Welcome to the Tsonnet series!
If you're just joining, you can check out how it all started in the first post of the series.
In the previous post, we added parsing error tracing.
Now we are prepared to expand the syntax and add other constructs to augment the language. It's been a while since the last post, but development didn't halt. Let's resume by adding one special feature: variables -- named local
in Jsonnet.
This will be a nice addition that paves the way for more interesting stuff.
Let's get started with the AST
Naming is hard and I felt that the AST value
type wasn't expressing it properly.

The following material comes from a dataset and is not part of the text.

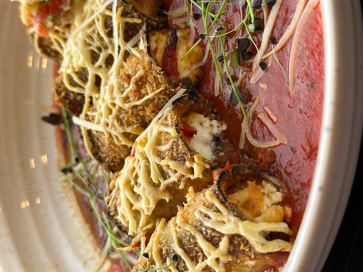 Слайсы из баклажан в панировке, творожный сыр, соус песто

There were things being dealt with as values, like BinOp
. They are not really values, but expressions.
So I opted to represent everything as an expr
, as we had at the beginning.
Since locals can be declared in multiple ways, we need to make it flexible enough to support:
- Single declaration:
// samples/variables/single.jsonnet
local answer = 42;
answer
- Multiple declarations, inline:
// samples/variables/inline_multiple.jsonnet
local a = 1, b = 2, c = a + b;
c
- Multiple declarations, multiline:
// samples/variables/multiline_multiple.jsonnet
local a = 1;
local b = 2;
local c = a + b;
c
- Scoped declarations:
// samples/variables/scoped.jsonnet
local a = -1;
local b = (local a = 42; a);
b
Plus, we have been dealing with a single expr
in our programs, and this new set of requirements asks for a sequence of expr
. Besides that, we need a new Local
variant to implement locals.
The updated expr
type looks like this:
(* lib/ast.ml *)
type expr =
| Null of position
| Number of position * number
| Bool of position * bool
| String of position * string
| Ident of position * string
| Array of position * expr list
| Object of position * (string * expr) list
| BinOp of position * bin_op * expr * expr
| UnaryOp of position * unary_op * expr
| Local of position * (string * expr) list
| Unit
| Seq of expr list
let dummy_pos = {
startpos = Lexing.dummy_pos;
endpos = Lexing.dummy_pos;
}
Local
will store a list of identifiers and their respective expressions.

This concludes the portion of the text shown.